The Idaho-based company is one of the world’s largest producers of frozen French fries and other frozen potato products.
A going concern since 1950, Lamb Weston is a major player in the U.S. agriculture sector and buyer of potatoes.
It’s an easily understandable business that has succeeded for more than 75 years. Lamb Weston has been publicly traded since 2016 when it was spun off from ConAgra (NYSE: $CAG).
LW stock hasn’t set the world on fire. Over the past five years, the company’s share price has declined 48%, including a 19% decrease over the past 12 months.
Lamb Weston’s shares currently trade at $41.49 U.S., and the company has a market capitalization of $5.62 billion U.S., making it a small-cap concern.
However, the shares offer stockholders a hefty quarterly dividend payment, which could be attractive to income investors.

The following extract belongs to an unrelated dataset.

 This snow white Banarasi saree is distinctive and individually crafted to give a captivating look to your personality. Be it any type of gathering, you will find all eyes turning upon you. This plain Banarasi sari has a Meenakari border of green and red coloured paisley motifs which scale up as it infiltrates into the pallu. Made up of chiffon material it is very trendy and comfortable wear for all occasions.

Lamb Weston currently pays a quarterly distribution of $0.38 U.S. per share, giving the stock a chunky yield of 3.66%. Management has raised the dividend for eight consecutive years.

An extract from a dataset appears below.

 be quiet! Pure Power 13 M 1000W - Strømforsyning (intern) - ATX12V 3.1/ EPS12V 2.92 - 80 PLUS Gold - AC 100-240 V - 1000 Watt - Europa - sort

The dividend was last increased in 2025, meaning that another increase is likely on the way this year.
Another reason to like LW stock is its valuation. The shares currently trade at 19 times this year’s earnings estimates, which is below average on Wall Street right now.
For investors who prize regular and reliable income from their holdings, Lamb Weston could be worth adding to a portfolio.